Review comments for 0001-Catalog-and-DDL-for-partitioned-tables-17.patch:
1)
@@ -1102,9 +1104,10 @@ heap_create_with_catalog(const char *relname,
{
/* Use binary-upgrade override for pg_class.oid/relfilenode? */
if (IsBinaryUpgrade &&
- (relkind == RELKIND_RELATION || relkind == RELKIND_SEQUENCE ||
- relkind == RELKIND_VIEW || relkind == RELKIND_MATVIEW ||
- relkind == RELKIND_COMPOSITE_TYPE || relkind == RELKIND_FOREIGN_TABLE))
+ (relkind == RELKIND_RELATION || relkind == RELKIND_PARTITIONED_TABLE ||
+ relkind == RELKIND_SEQUENCE || relkind == RELKIND_VIEW ||
+ relkind == RELKIND_MATVIEW || relkind == RELKIND_COMPOSITE_TYPE ||
+ relkind == RELKIND_FOREIGN_TABLE))
You should add the RELKIND_PARTITIONED_TABLE at the end of if condition that
will make diff minimal. While reading through the patch I noticed that there
is inconsistency - someplace its been added at the end and at few places its
at the start. I think you can make add it at the end of condition and be
consistent with each place.
2)
+ /*
+ * We need to transform the raw parsetrees corresponding to partition
+ * expressions into executable expression trees. Like column defaults
+ * and CHECK constraints, we could not have done the transformation
+ * earlier.
+ */
Additional space before "Like column defaults".
3)
- char relkind;
+ char relkind,
+ expected_relkind;
Newly added variable should be define separately with its type. Something like:
char relkind;
+ char expected_relkind;
4)
a)
+ /* Prevent partitioned tables from becoming inheritance parents */
+ if (parent_rel->rd_rel->relkind == RELKIND_PARTITIONED_TABLE)
+ ereport(ERROR,
+ (errcode(ERRCODE_WRONG_OBJECT_TYPE),
+ errmsg("cannot inherit from partitioned table \"%s\"",
+ parent->relname)));
+
need alignment for last line.
b)
+ atttuple = SearchSysCacheAttName(RelationGetRelid(rel), pelem->name);
+ if (!HeapTupleIsValid(atttuple))
+ ereport(ERROR,
+ (errcode(ERRCODE_UNDEFINED_COLUMN),
+ errmsg("column \"%s\" named in partition key does not exist",
+ pelem->name)));
+ attform = (Form_pg_attribute) GETSTRUCT(atttuple);
+
+ if (attform->attnum <= 0)
+ ereport(ERROR,
+ (errcode(ERRCODE_UNDEFINED_COLUMN),
+ errmsg("cannot use system column \"%s\" in partition key",
+ pelem->name)));
need alignment for last line of ereport
c)
+ /* Disallow ROW triggers on partitioned tables */
+ if (stmt->row && rel->rd_rel->relkind == RELKIND_PARTITIONED_TABLE)
+ ereport(ERROR,
+ (errcode(ERRCODE_WRONG_OBJECT_TYPE),
+ errmsg("\"%s\" is a partitioned table",
+ RelationGetRelationName(rel)),
+ errdetail("Partitioned tables cannot have ROW triggers.")));
need alignment
5)
@@ -2512,6 +2579,7 @@ transformAlterTableStmt(Oid relid, AlterTableStmt *stmt,
cxt.blist = NIL;
cxt.alist = NIL;
cxt.pkey = NULL;
+ cxt.ispartitioned = rel->rd_rel->relkind == RELKIND_PARTITIONED_TABLE;
I think adding bracket will look code more clear.
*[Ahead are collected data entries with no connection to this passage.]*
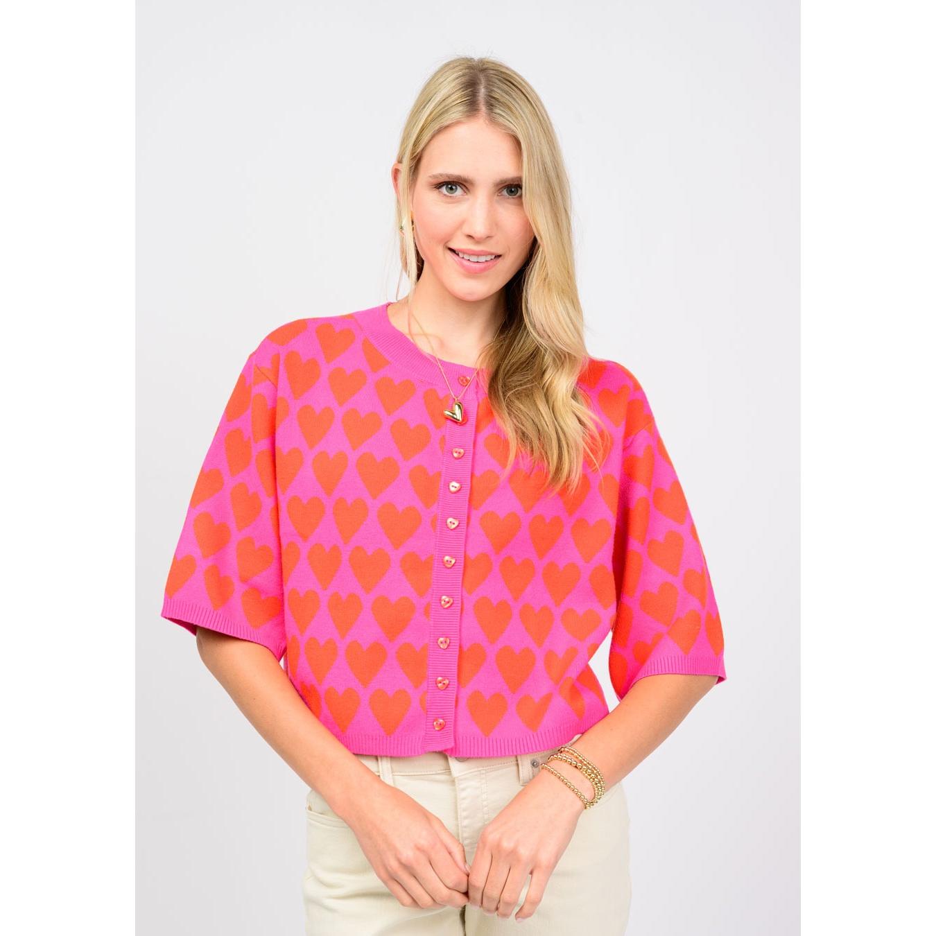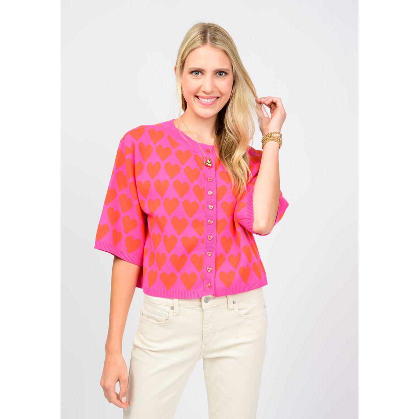Fall in love with cozy charm in Ivy Jane’s Heart Felt Sweater. This vibrant knit features a playful allover heart pattern in bold shades of hot pink and red — a perfect mix of sweet and statement-making. With short sleeves, a relaxed fit, and front button detailing, it’s the ideal piece to layer or wear on its own for effortless style.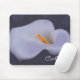 This mousepad features an illustrated calla lily (Zantedeschia aethiopica) in a muted grayish purple with an orange and yellow center. There is a personalizable text area in the bottom right corner in simple cursive script.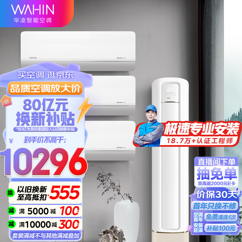 华凌空调新一级 3匹大出风口变频柜机 KFR-72LW/N8HB1A +新一级1.5匹变频挂机KFR-35GW/N8HL1Pro*3价格:10396.00元!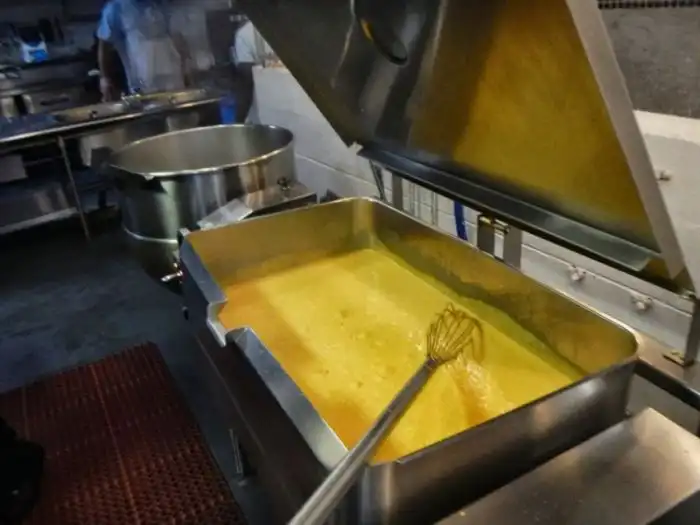 Тем временем, тут делают смесь нескольких разных расплавленных сыров.
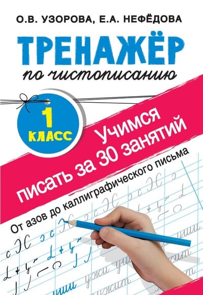 Тренажер по чистописанию. Учимся писать всего за 30 занятий. 1 класс . От азов до каллиграфического письма соответствует ФГОС и программе обучения в 1 классе. Его авторы — известные педагоги-практики О. В. Узорова и Е. А. Нефёдова. Тренажёр представляет собой рабочую тетрадь, в которой первоклассники потренируются аккуратно и красиво писать буквы, их элементы, варианты соединений, а также слоги, слова и предложения. Выполнение приведённых в пособии заданий поможет ученикам выработать красивый почерк и увеличить скорость письма. Использование в книге второго цвета ускорит процесс освоения учебного материала. Пособие можно использовать в качестве дополнительного материала на уроках в классе, а также для работы дома.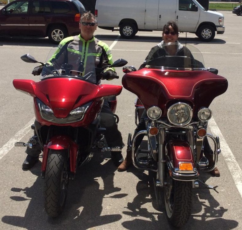 Well she did it right she rode an old Honda Rebel 200/250 not sure which it was, for years. As a Mom of 2 kids, 1 of which had major Heath problem, she didn't get much time to ride. As the kids got older, she finally bought a Yamaha Virago 750 and her youngest daughter got the Honda Rebel. Then her daughter wanted to move up and ride the Virago all the time. So they sold the Honda Rebel and my Sister bought herself a Virago 1100 and her Husband had a HD Heritage Classic. They rode everywhere together and were members of the North Bay HOG Club. So they got into that HD life style thing and she bought herself a Harley Road King. Turns out she didn't like the Road King very much and this spring she bought the Ultra Classic at the same time I bought the CTX. She Loves her HD! Yes the Ultra looks bigger, cause the fairing is wider and sits up on the handle bars much higher then the frame mounted CTX fairing. The CTX has everything mounted down low for better handling and the motor is a structural part of the frame and mounts under it. The gas tank is fake like the GW's and the gas tank is actually down under the seat. The CTX is narrow, long and low the 2 bike covers I had for the Venture are just long enough to fit the CTX. The back tire on the CTX is way wider then the HD's and makes the Venture's back tire look like it should be on a bicycle! The CTX will fly through the twisty's and out run the HD no problem. Not that I've gone there but I don't think the top end on the CTX is anywhere near the Venture's. But I think that has more to do with the gearing. The CTX is a 5 speed that needs a 6th OD. The Venture has that set up that is really a 4 speed with a 5th OD and all kinds of top end. Wow long story.....trying to answer Puc's question as well. Puc all I know is it's a V4 out of the Honda ST 1300 that they de-tuned to make it better for touring. ( Why do they think they have to de-tune the V4's for touring?! ) I'm hopeing I don't like the new Yamaha on June 5th. But I know me....I'm just a sucker for nice shinny bits on an MC and if it's a V4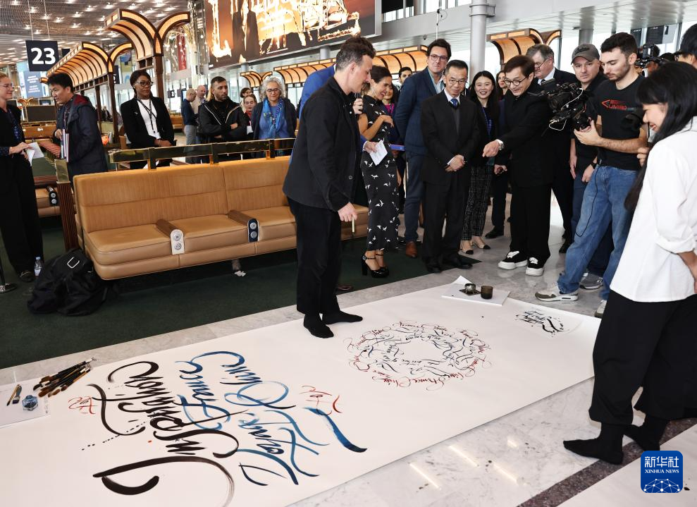 10月10日,在法国巴黎戴高乐机场举行的“中法金秋文化盛宴”活动上,嘉宾观看现场艺术家的展示。新华社记者 高静 摄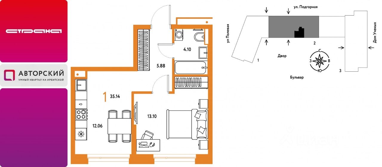 Новая квартира в ЖК "Авторский" напрямую от федерального застройщика "Страна Девелопмент".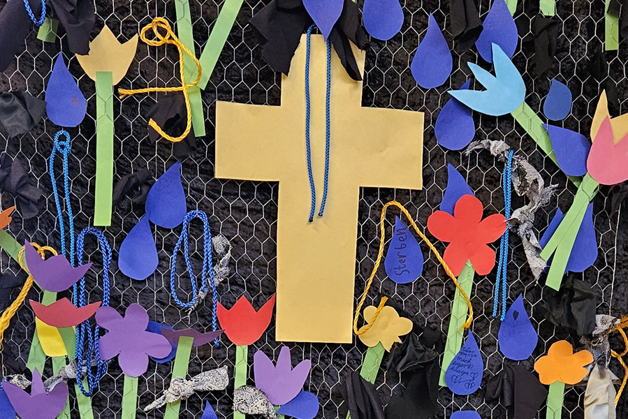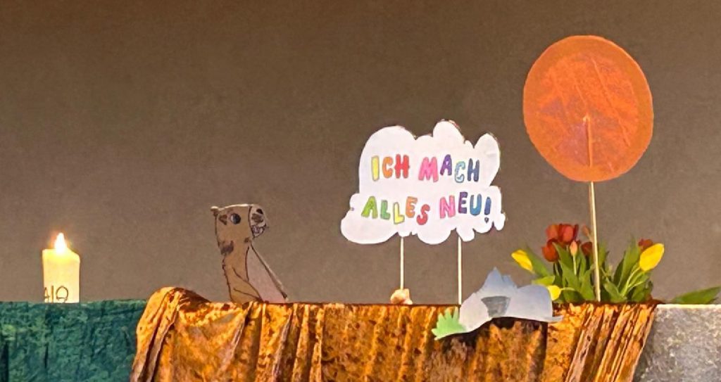Die Kinder haben sich hineinnehmen lassen in die Ereignisse der Karwoche und der Ostertage: Mit Angsttüchern, Fesseln und Tränen spürten wir den Gefühlen Jesu nach und erlebten die Freude der Auferstehung und der Hoffnung mit blühenden, bunten Blumen und Kerzenlicht.
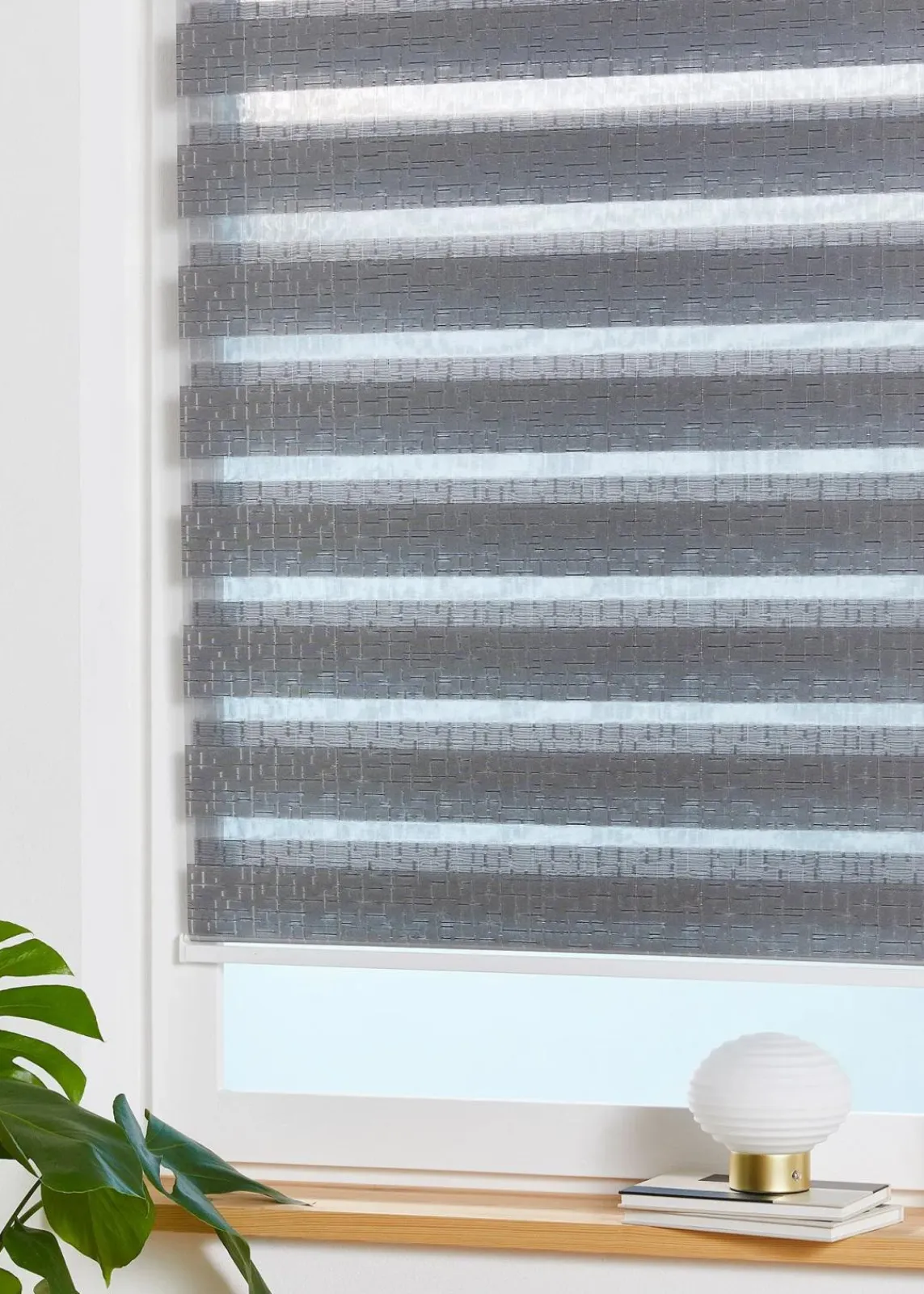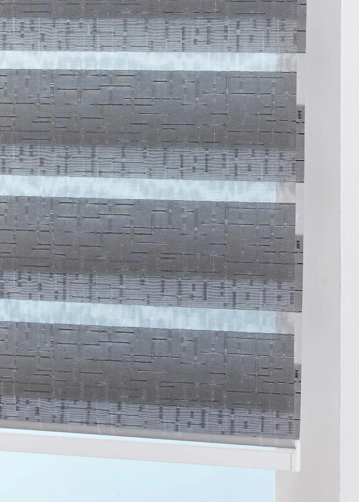 Das Doppelrollo in Jacquard Qualität ist eine moderne Fensterdekoration mit praktischem Effekt, denn es kann individuell eingestellt werden von Durchsicht, bis halbtransparent bis transparent.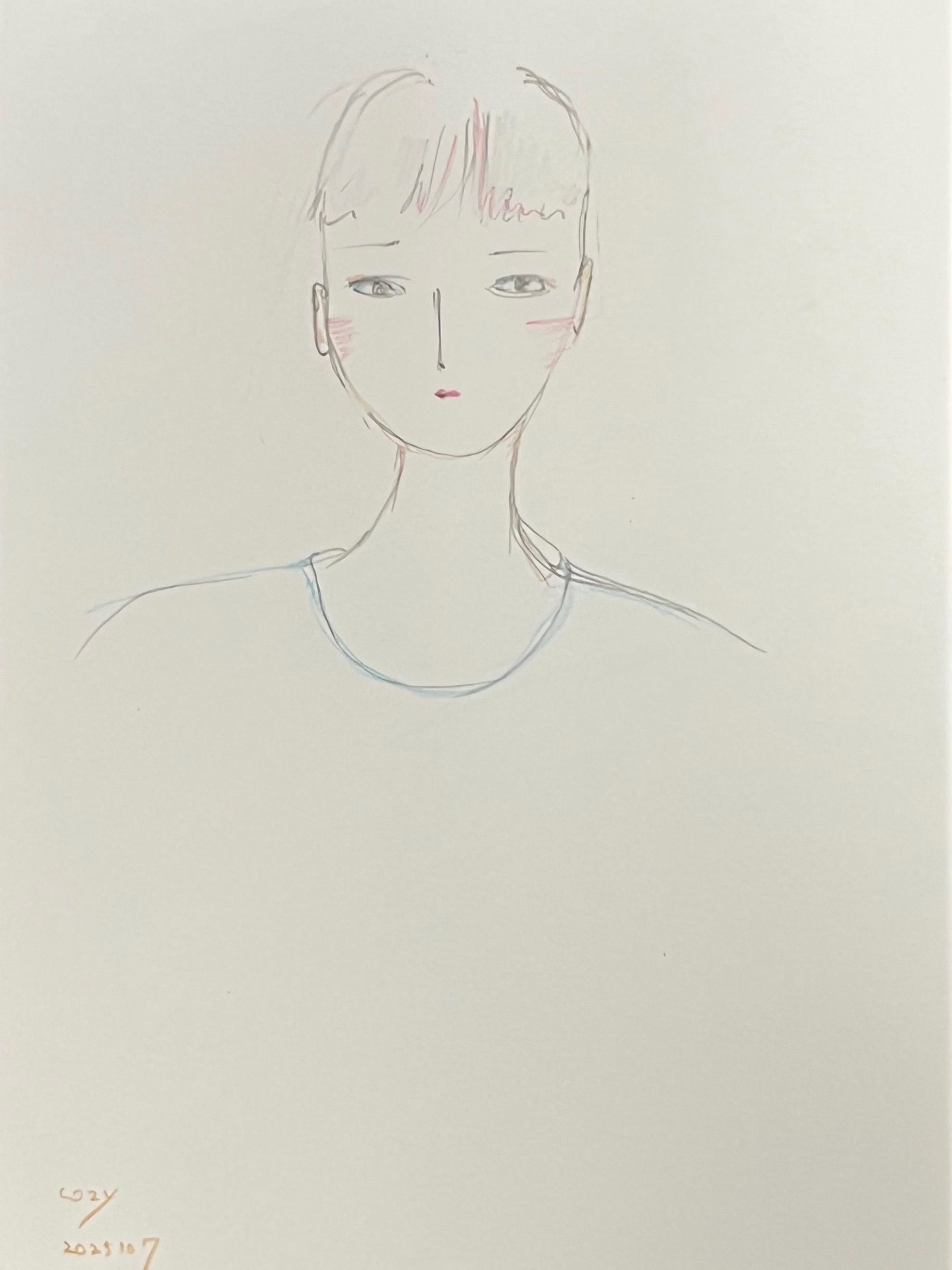 台湾の女子のつもりが 北海道の女性になってしまった 中々可愛いです。 サイズ 12.3×17.5センチ、ちょっとしたスペースでも映えるサイズ感 額装済み 画材 紙に色鉛筆 パイロットハイテック 製作年月日 2025年8月27日

+ cxt.ispartitioned = (rel->rd_rel->relkind == RELKIND_PARTITIONED_TABLE);
6)
+ * RelationBuildPartitionKey
+ * Build and attach to relcache partition key data of relation
+ *
+ * Partitioning key data is stored in CacheMemoryContext to ensure it survives
+ * as long as the relcache. To avoid leaking memory in that context in case
+ * of an error partway through this function, we build the structure in the
+ * working context (which must be short-lived) and copy the completed
+ * structure into the cache memory.
extra space before "To avoid leaking memory"
7)
+ /* variable-length fields start here, but we allow direct access to partattrs */
+ int2vector partattrs; /* attribute numbers of columns in the
Why partattrs is allow direct access - its not really clear from the comments.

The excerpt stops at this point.